Autobiografía, de Charles Darwin


Sorprende la modestia en un autor de tantos libros, incansable recopilador de notas, apuntes y lecturas (tenía fichas detalladas de los libros de su biblioteca), que se ponga a escribir su autobiografía y quede un librito de menos de cien páginas. Porque esta es la extensión, 93 páginas, de Autobiografía de Charles Darwin, de ediciones Verticales.
Frente a la Camorra, por la carretera que va a la cantera, el paisaje no es especialmente bello. El bocado terrible a la montaña, un olivar casi escuálido, y alambres de espino cerrándolo todo. No hay otra cosa aquí, además de latas y cartuchos de caza desparramados por todos sitios. Solo me detengo en los minúsculos musgos, fascinantes en su terriblemente lejana historia y en su modestia.

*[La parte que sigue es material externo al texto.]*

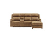 The U6980 Brown Sectional delivers the perfect balance of modern comfort and refined design, making it a standout addition to any living space. Upholstered in a rich brown camelcolored printed microfiber, this sectional offers a warm, inviting look with a soft, luxurious feel that elevates everyday lounging. Designed for both relaxation and functionality, the sectional features a loveseat with a built-in console and one reclining seat, ideal for effortless comfort and convenience. The matching chaise also reclines, allowing you to fully stretch out and unwind, while integrated storage within the chaise keeps blankets, pillows, or essentials neatly tucked away. With its thoughtful layout and sophisticated finish, the U6980 sectional transforms your living room into a stylish retreat built for comfort and versatility.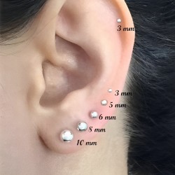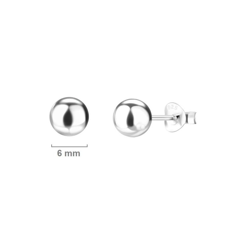 Pendientes fabricados en plata de ley 925 mm, en forma de bola de 6 mm de diámetro, con cierre de presión tipo mariposa. El precio indicado corresponde a una pareja. Se entregan en estuche de regalo. Envíos rápidos en 24-48 horas laborales en península.

Bueno, sí es verdad que el genio inglés escribió su autobiografía para su familia, en un libro que era más extenso, pero las partes más personales se suprimieron en la publicación al público en general. Aunque, en el volumen que acabo de leer, perteneciente a una edición de 1929, se añadieron otras 70 páginas de su hijo Francis Darwin. Un capítulo con el título de ‘Recuerdos de la vida cotidiana de mi padre’. También hay unas cuantas láminas y fotografías.
Es un día luminoso, en estos fríos de febrero. Me da la sensación que los árboles de la cima de la Camorra están blancos de escarcha, pero no lo puedo asegurar con ese sol cegador.
Luminoso y sincero es Dawin en su autobiografía. Desde un incipiente naturalista, excitado ante los hallazgos entomológicos. “Me sorprende la imagen imborrable que han dejado en mi cabeza muchos de los escarabajos que capturé en Cambridge. Recuerdo con exactitud el aspecto de determinados postes, árboles viejos y bancos donde realicé una buena captura”. Y enternecedor y humano se muestra con el recuerdo de su hija fallecida a los 10 años. “Nuestra pobre hija Annie, nació en Coger Street, el 2 de marzo de 1841, y expiró en Malvern el mediodía del 23 de abril de 1851”… “Hemos perdido la alegría de la casa, y el solaz de nuestra vejez”, escribió a la semana del fallecimiento.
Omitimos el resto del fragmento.